Wednesday, August 5, 2015

COMING TO AMERICA

By
JOHN SCHERBER


COMING TO AMERICA

         Until my last trip, I had never seen a sixty-mile long strip mall, but then I hadn’t visited the States for five years and you never know what improvements might have been put in place. Coming in through security in Houston, I was groped more than what I imagine goes on in the average New Orleans gay bar after midnight. I suppose this is the new touchy-feely policy of the TSA. Give security a more human face.

         My destination was a chain of island cities off Pensacola. I discovered it’s a hopping area, although few of the people are under seventy, and if you revert to a gentler, more Mexican-style pace as you drive, you’re likely to get a little friendly nudge on your rear bumper.
         I was traveling along what appeared to be a long white sand barrier island edging the Florida panhandle. The white sand peeks through here and there in small, protected zones, and all the rest is ruthlessly paved over. Highway 98 is the corridor that goes on and on, through Mary Esther, Destin, Fort Walton Beach, and others. Aside from the charmingly antique character of parts of Mary Esther, thee towns seem indistinguishable. And don’t ask, like I did, about her sister Polly. They’ve heard that one before and you get glared at.
         After living in México for eight years I had gotten used to a much different lifestyle. One with local organic markets, one that often means traveling on foot, one with admittedly less shopping. Sometimes you have to dig a bit for your size jeans, and your breed of vacuum cleaner filters can be elusive, even at the place that sold you the vacuum.

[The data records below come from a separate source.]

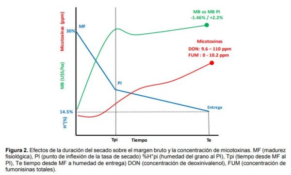 Un aspecto que frecuentemente se señala como desventaja de las siembras tardías es el excesivo tiempo que el cultivo permanece en el campo hasta que la humedad del grano se considera propicia para cosecha. El objetivo principal de esta práctica es minimizar la pérdida económica que representa recurrir al acondicionamiento de la mercadería y el impacto sobre el flete. Sin embargo, en estudios recientes (Ferraguti et al., 2016), se pudo comprobar que esta interpretación no siempre es correcta, sobre todo si se tiene en cuenta el aumento de descuentos por el rubro granos dañados (Norma XII, ex SAGYP) y los costos de aplicación a la población de malezas que crece y se desarrolla durante el secado del grano. Si bien existe margen para la discusión e interpretación de resultados, lo más alarmante de este trabajo fue la evidencia de que esta estrategia de secado implicó un alto grado de contaminación con micotoxinas.
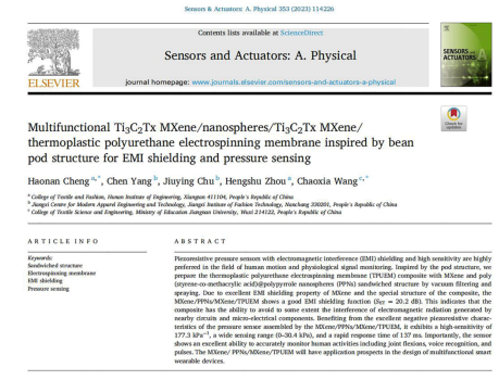 近日,纺织工程教研室程浩南老师在多功能纳米纺织材料研究领域取得新进展,研究成果以“Multifunctional Ti3C2Tx MXene/nanospheres/Ti3C2Tx MXene/ thermoplastic polyurethane electrospinning membrane inspired by bean pod structure for EMI shielding and pressure sensing”为题发表在国际期刊《Sensors and Actuators: A. Physical》上(DOI: 10.1016/j.sna.2023.114226),该期刊为SCI收录期刊(2022年影响因子4.291),是Elsevier旗下一本专注于传感器前沿研究的期刊。程浩南老师为该论文第一作者和共同通讯作者,365英国上市集团为第一单位和通讯单位。
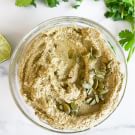 High in fiber, full of many nutrients and a good source of healthy fats, pepitas—toasted pumpkin seeds—are a great addition to a plant-based diet. Perfect as a dip for your favorite vegetables.

         One solution is the shopping trip to the north. I was really there for a wedding, but the shopping took up most of my time after the airline lost my luggage coming in. As far as anyone could tell me, it had arrived safely in Raleigh, North Carolina and only a day late. Thank God my rental car had a GPS to guide me to the stores, because I felt much like Ma and Pa Kettle, the yokels who came to town with catastrophic results in a series of about ten films in the forties and fifties.
         Some things I did know. Driving is different in the States. For example, stop signs do matter. You may not drive the wrong way on a one-way street. Speed limits are not a tasteless joke. There is no free style driving there, such as we enjoy so much in México, where it can be a source of both creative fulfillment and raucous humor in an otherwise overworked life.
         I found I had to focus on traffic lights to see them. We don’t have any at home. In México you tend to look down as you drive, not up, just to watch for the pavement to disappear with no warning. I had to remember to stop at stop signs. In San Miguel they’re conceptual. Of course they exist, but the general view is that they’re there to show you what one would look like if one were there. You’d never stop for it unless failing to stop would result in an accident. I guess in that respect, they work pretty well. In eight years I’ve never had an accident, and I’ve stopped for one about six times altogether.
         Three days into the visit, I was still waiting for my luggage and starting to avoid close contact with people because of my smell. Even bathing often doesn’t work that well if you climb back into the same clothes that you earlier stood in the corner. I was starting to dread the wedding.
         I had forgotten how enormous the stores are. Mixed with all the discount outlets are numerous walled shopping cities for the working poor, called Targets. In places like that in México you would find entire families living quite contentedly under the counters. Every now and then someone would reach up and pluck a shirt off the stack, or a pair of knee socks. No one would know.
         In the States they attempt to teach children English from an early age and many adults know and use it too, although manners are quickly forgotten. Few youngsters around the age of ten appear to have full time jobs. You have to wonder what they do all day. I fear it gives them the wrong idea about how easy life is. I had to remind myself not to keep complimenting people on how good their English was when I observed that many responded with a sour look. Maybe it was only my own way of patting myself on the back for how well I remembered it.
         My luggage arrived just in time for the wedding. I repacked all the clothes I had bought in the same bags with the appropriate receipts. Fortunately I had kept the addresses of all the stores so I could find my way back to return my purchases.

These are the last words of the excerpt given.